> _Source records_
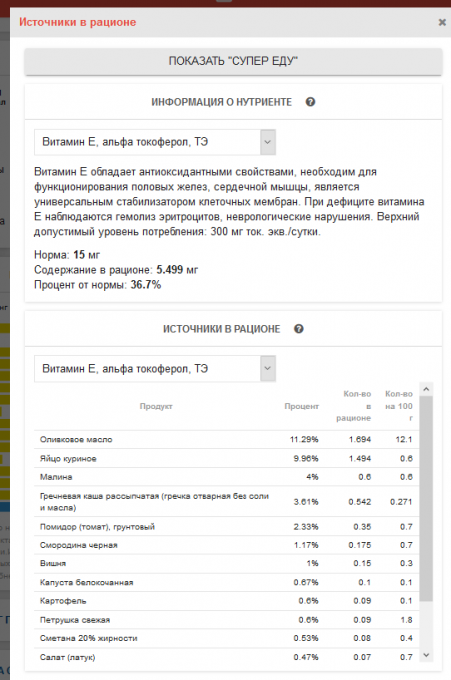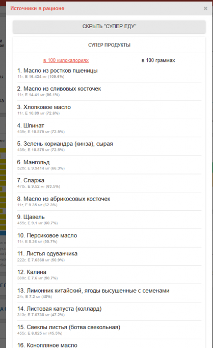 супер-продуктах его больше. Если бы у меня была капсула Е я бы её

...

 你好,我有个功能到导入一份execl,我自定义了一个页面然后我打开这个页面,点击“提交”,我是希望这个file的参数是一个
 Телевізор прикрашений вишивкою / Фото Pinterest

* * *

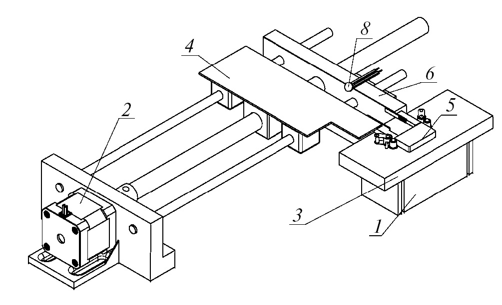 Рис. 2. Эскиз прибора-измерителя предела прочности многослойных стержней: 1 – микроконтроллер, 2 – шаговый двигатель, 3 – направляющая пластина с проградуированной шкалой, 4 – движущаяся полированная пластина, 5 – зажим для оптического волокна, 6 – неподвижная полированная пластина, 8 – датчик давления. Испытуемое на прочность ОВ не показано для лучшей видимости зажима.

> _Task to complete_
An exact copy of the lines above, from the one containing "你好,我有个功能到导入一份e" down to the one containing "Телевізор прикрашений вишивкою" and including both, is the whole answer; retype it and nothing else.

> _Response area_
 你好,我有个功能到导入一份execl,我自定义了一个页面然后我打开这个页面,点击“提交”,我是希望这个file的参数是一个
 Телевізор прикрашений вишивкою / Фото Pinterest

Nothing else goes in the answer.